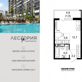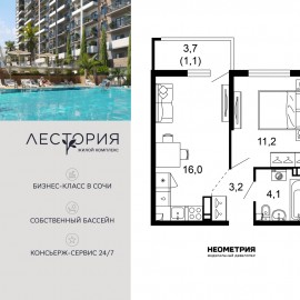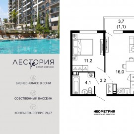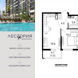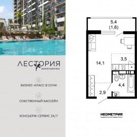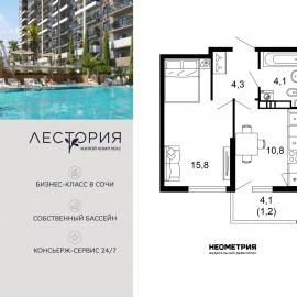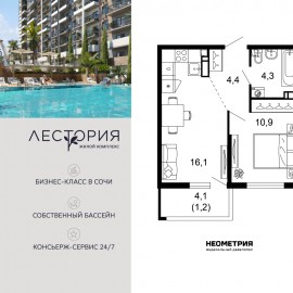 Продается квартира в жилом комплексе бизнес-класса «Лестория». В составе ЖК предусмотрена собственная аквазона площадью 473 квадратных метра с двумя подогреваемыми бассейнами, что соответствуют стандартам бизнес-класса. Аквазона объединяет взрослый и детский бассейны....
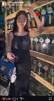 気象予報士でタレントの穂川果音(39)が25日までに自身のインスタグラムを更新。黒キャミワンピ姿の風鈴ショットを披露した。
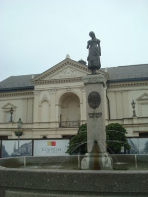 poeta alemán nacido en Klaipeda, aunque el monumento es una copia del original
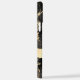 Funda Para iPhone Mármol negro y dorado, nombre negro y monograma de
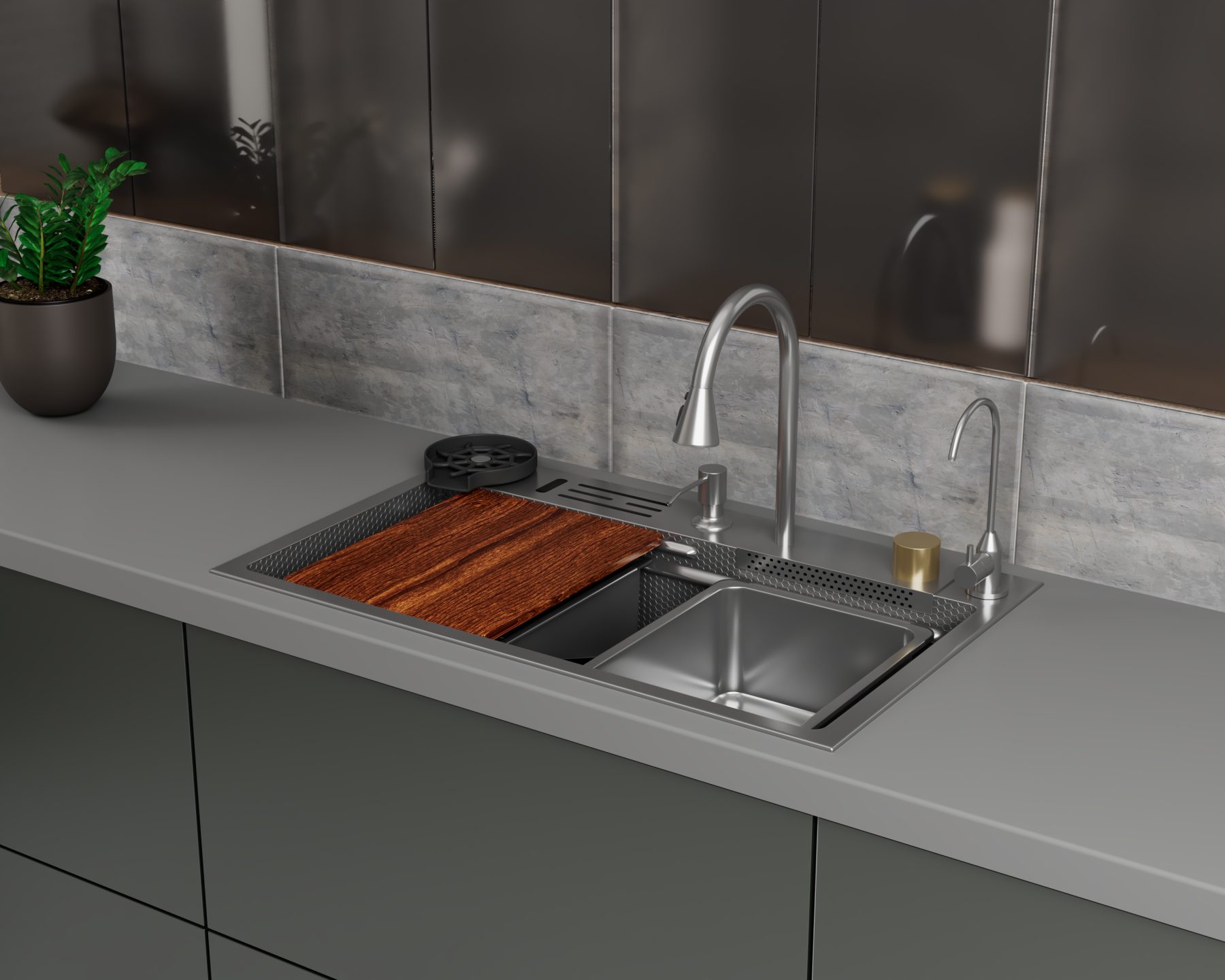 8) Разделочная доска для нарезки продуктов, 2 удобные корзины: одна для мытья и замачивания, вторая с функцией дуршлаг
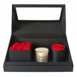 Forever Roses Gift Box (Black) – 4 Real Preserved Red Roses | Luxury Floral Gift That Lasts a Year
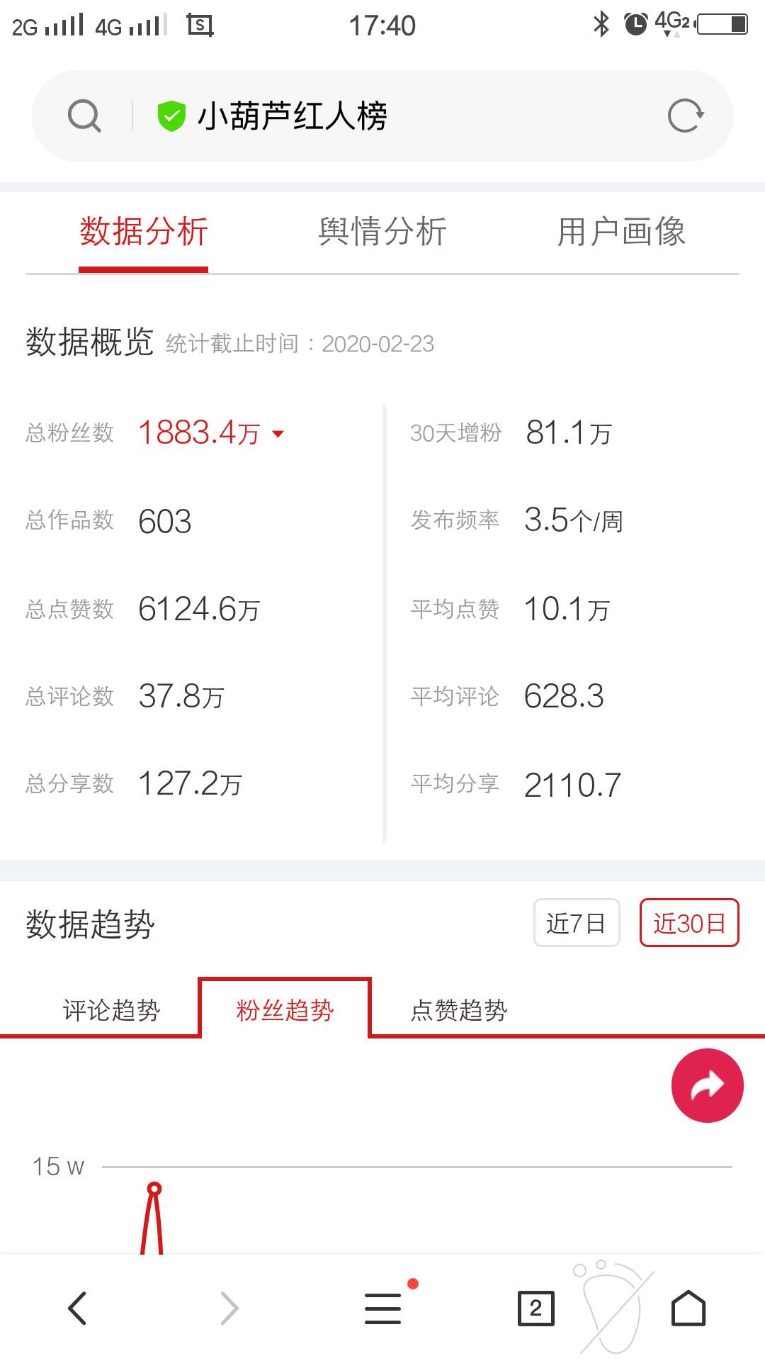我们可以看到它的一些基本的数据,近30天的增粉是200多万。然后作品发布的频率基本上是一天一个。还有他的总评论数400多万,总分享数200多万。他的第1条视频发布于2019年2月23号,是关于动漫火影忍者。总结一下这个账号的一些特点。
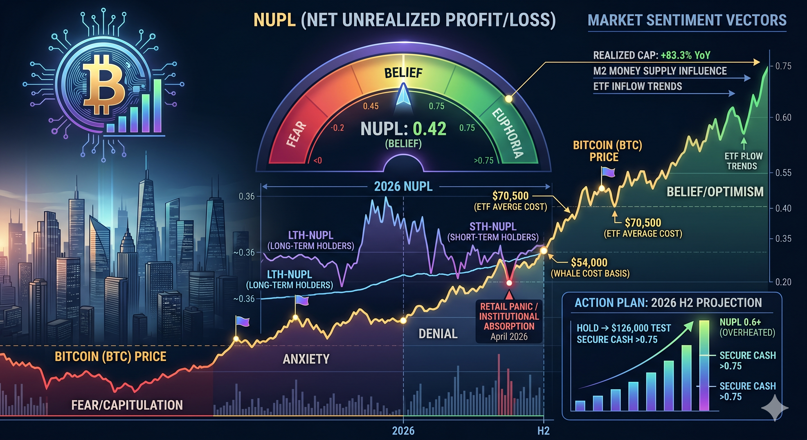 결론부터 말하자면, NUPL은 시장의 모든 구성원이 보유한 자산의 현재 가치에서 취득 당시의 가치를 뺀 순이익을 전체 시가총액으로 나눈 비율입니다. 이 지표의 핵심 원인은 투자자들이 '미실현 이익' 구간에 진입했을 때 나타나는 안도감이 특정 임계점을 넘어서면 '차익 실현 욕구'라는 탐욕으로 변질된다는 데 있습니다. Glassnode의 2026년 4월 실시간 관측에 따르면, 현재 비트코인 NUPL 지수는 0.45를 기록하며 '신뢰(Belief)' 구간의 상단에 위치해 있습니다. 이는 시장 참여자의 약 45%가 잠재적 수익 상태에 있음을 의미하며, 역사적으로 이 수치가 0.7을 상회할 때 광적인 탐욕이 발생했습니다. 필자는 2024년 반감기 직후의 데이터와 현재를 비교했을 때, 유동성 공급의 질적 변화로 인해 지표의 변동성이 과거보다 완만해졌으나 그 신뢰도는 더욱 높아졌다는 점을 확인했습니다.
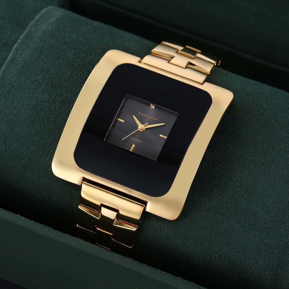 Hot Trend Watch with Simple Large Dial, Gold Silver Square Quartz for Women and Men, Steel Strap, Waterproof for Women and Clock gold/black
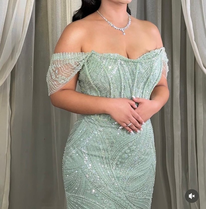 Işıltılı boncuk işlemeleriyle süslenmiş, straplez ve uzun yeşil abiye elbise. Omuzları açık, vücuda oturan kesimiyle düğünlere uygundur.
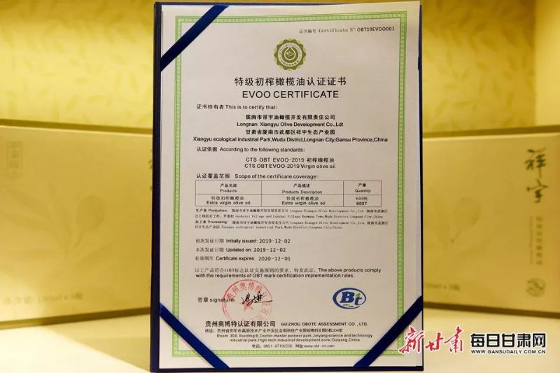 2019年12月祥宇橄欖油獲編號(hào)為001的
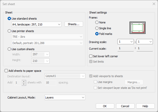 If you selected Cabinet layout, the Set sheet dialog opens.
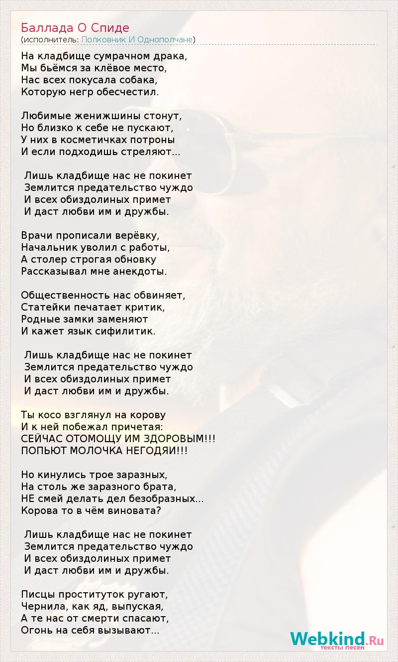 На кладбище сумрачном драка, Мы бьёмся за клёвое место, Нас всех покусала собака, Которую негр обесчестил. Любимые женижшины стонут, Но близко к себе не пускают, У них в косметичках потроны И если подходишь стреляют... Лишь кладбище нас не покинет Землится предательство чуждо И всех обиздолиных примет И даст любви им и дружбы. Врачи прописали верёвку, Начальник уволил с работы, А столер строгая обновку Рассказывал мне анекдоты. Общественность нас обвиняет, Статейки печатает критик, Родные замки заменяют И кажет язык сифилитик. Лишь кладбище нас не покинет Землится предательство чуждо И всех обиздолиных примет И даст любви им и дружбы. Ты косо взглянул на корову И к ней побежал причетая: СЕЙЧАС ОТОМОЩУ ИМ ЗДОРОВЫМ!!! ПОПЬЮТ МОЛОЧКА НЕГОДЯИ!!! Но кинулись трое заразных, На столь же заразного брата, НЕ смей делать дел безобразных... Корова то в чём виновата? Лишь кладбище нас не покинет Землится предательство чуждо И всех обиздолиных примет И даст любви им и дружбы. Писцы проституток ругают, Чернила, как яд, выпуская, А те нас от смерти спасают, Огонь на себя вызывают...

________

• _DESCRIPTION OF THE TASK_
When you set down the material above, keep every word exact and include no pictures.

• _EXERCISE OUTPUT_
 Продается квартира в жилом комплексе бизнес-класса «Лестория». В составе ЖК предусмотрена собственная аквазона площадью 473 квадратных метра с двумя подогреваемыми бассейнами, что соответствуют стандартам бизнес-класса. Аквазона объединяет взрослый и детский бассейны....
 気象予報士でタレントの穂川果音(39)が25日までに自身のインスタグラムを更新。黒キャミワンピ姿の風鈴ショットを披露した。
 poeta alemán nacido en Klaipeda, aunque el monumento es una copia del original
 Funda Para iPhone Mármol negro y dorado, nombre negro y monograma de
 8) Разделочная доска для нарезки продуктов, 2 удобные корзины: одна для мытья и замачивания, вторая с функцией дуршлаг
 Forever Roses Gift Box (Black) – 4 Real Preserved Red Roses | Luxury Floral Gift That Lasts a Year
我们可以看到它的一些基本的数据,近30天的增粉是200多万。然后作品发布的频率基本上是一天一个。还有他的总评论数400多万,总分享数200多万。他的第1条视频发布于2019年2月23号,是关于动漫火影忍者。总结一下这个账号的一些特点。
 결론부터 말하자면, NUPL은 시장의 모든 구성원이 보유한 자산의 현재 가치에서 취득 당시의 가치를 뺀 순이익을 전체 시가총액으로 나눈 비율입니다. 이 지표의 핵심 원인은 투자자들이 '미실현 이익' 구간에 진입했을 때 나타나는 안도감이 특정 임계점을 넘어서면 '차익 실현 욕구'라는 탐욕으로 변질된다는 데 있습니다. Glassnode의 2026년 4월 실시간 관측에 따르면, 현재 비트코인 NUPL 지수는 0.45를 기록하며 '신뢰(Belief)' 구간의 상단에 위치해 있습니다. 이는 시장 참여자의 약 45%가 잠재적 수익 상태에 있음을 의미하며, 역사적으로 이 수치가 0.7을 상회할 때 광적인 탐욕이 발생했습니다. 필자는 2024년 반감기 직후의 데이터와 현재를 비교했을 때, 유동성 공급의 질적 변화로 인해 지표의 변동성이 과거보다 완만해졌으나 그 신뢰도는 더욱 높아졌다는 점을 확인했습니다.
 Hot Trend Watch with Simple Large Dial, Gold Silver Square Quartz for Women and Men, Steel Strap, Waterproof for Women and Clock gold/black
 Işıltılı boncuk işlemeleriyle süslenmiş, straplez ve uzun yeşil abiye elbise. Omuzları açık, vücuda oturan kesimiyle düğünlere uygundur.
 2019年12月祥宇橄欖油獲編號(hào)為001的
 If you selected Cabinet layout, the Set sheet dialog opens.
 На кладбище сумрачном драка, Мы бьёмся за клёвое место, Нас всех покусала собака, Которую негр обесчестил. Любимые женижшины стонут, Но близко к себе не пускают, У них в косметичках потроны И если подходишь стреляют... Лишь кладбище нас не покинет Землится предательство чуждо И всех обиздолиных примет И даст любви им и дружбы. Врачи прописали верёвку, Начальник уволил с работы, А столер строгая обновку Рассказывал мне анекдоты. Общественность нас обвиняет, Статейки печатает критик, Родные замки заменяют И кажет язык сифилитик. Лишь кладбище нас не покинет Землится предательство чуждо И всех обиздолиных примет И даст любви им и дружбы. Ты косо взглянул на корову И к ней побежал причетая: СЕЙЧАС ОТОМОЩУ ИМ ЗДОРОВЫМ!!! ПОПЬЮТ МОЛОЧКА НЕГОДЯИ!!! Но кинулись трое заразных, На столь же заразного брата, НЕ смей делать дел безобразных... Корова то в чём виновата? Лишь кладбище нас не покинет Землится предательство чуждо И всех обиздолиных примет И даст любви им и дружбы. Писцы проституток ругают, Чернила, как яд, выпуская, А те нас от смерти спасают, Огонь на себя вызывают...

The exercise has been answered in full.